Father tuts. “That would be missing the point,” he says.

“And what is the point? Dimmi.”

We exchange a silent smile at the informal dimmi—‘tell me’—as though acknowledging that we are not in our usually formal back-and-forth. Or perhaps I’m hoping for a connection that isn’t there. The thing is, it’s been a long time since I’ve seen Father this sentimental.

“The point is to love her no matter how she looks.” He closes the notebook and turns to me, regarding me for a few moments. I feel exposed. I feel like I want to be anywhere but here. I love and resent this man in equal measure, and I’m not used to feeling such conflicted emotions.

At least, not until Dani.

I hold his gaze, willing this maelstrom of uncertainty to go the hell away. Eventually, he sighs and changes tact. “So business is going well … with the King Kong.”

I flinch, but then nod, trying to mask it. “So you’ve heard about it.”

“You seem surprised,” he says. “Were you trying to hide it from me?”

I feign a laugh. “Never, Father. The last time a man tried to hide something from you, he ended up in three separate pieces. One to the piranhas, one to the pigs, and one to the—let me think—ah, yes, the wood-chipper.”

He scowls at me. “You sound proud.”

I chuckle. “How could I not be? It certainly sent a message.”

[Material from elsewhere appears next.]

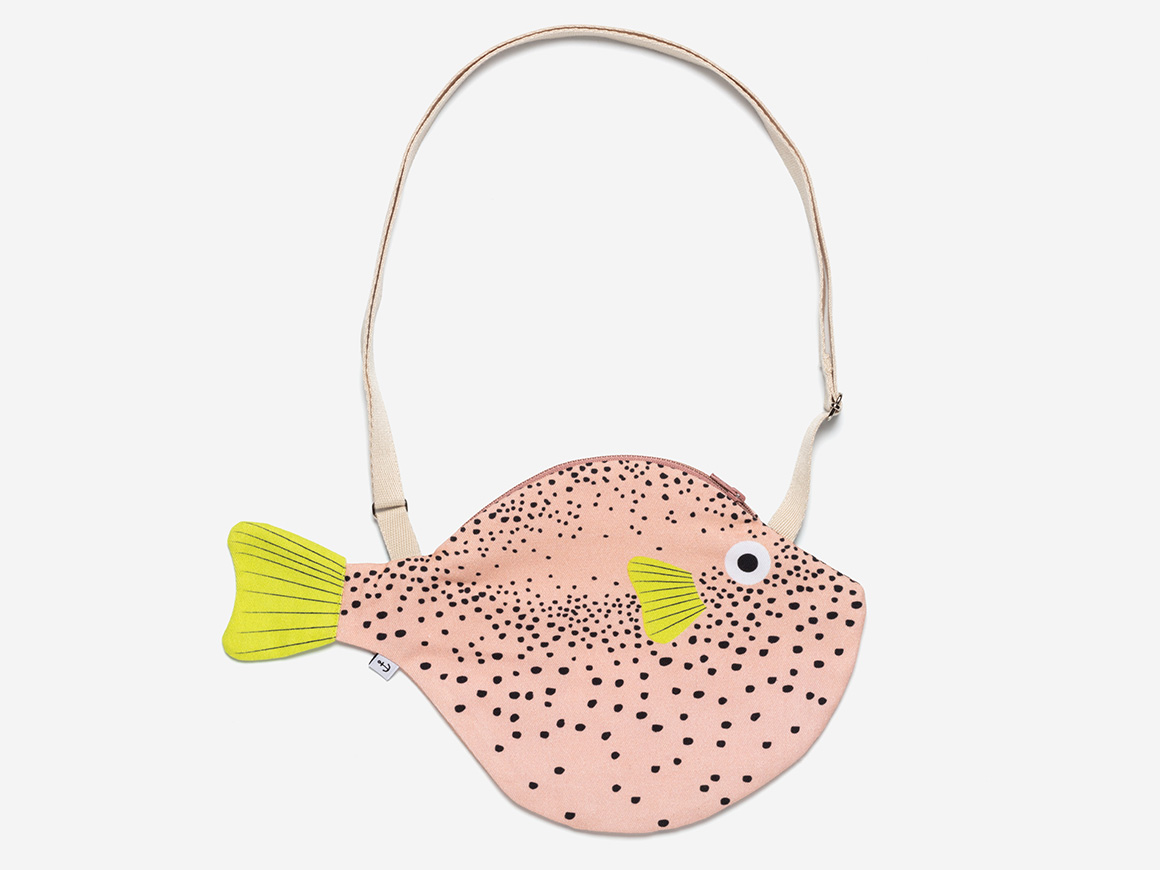 Er kommt im warmen Wasser des Südpazifiks vor der australischen Küste vor. Die kleine DON FISHER Small Pink Pufferfish Tasche ist genau das Richtige für kleine Fischfreunde. Die Tasche gibt es bei uns hier auch in der Farbe aqua-blau.

Suddenly, Father leans forward. “Do you think I took any pleasure in that? That man was an asset, and if I could’ve punished him in a less severe way, I would have. But then other men would think they could get away with hiding a portion of my profits from me. Then what? So I had to punish him, mio figlio. It was a calculated financial decision. It wasn’t revenge. It wasn’t anger.”

“Why do I get the feeling that a lecture is coming?” I turn back to the night with a heavy sigh.

He shrugs and opens his notebook, returning to his sketching. I just keep staring out at the night as the car drifts through the city. But I can feel Father simmering next to me. I know that I haven’t avoided the lecture, only put it off. After about half an hour, he finally speaks.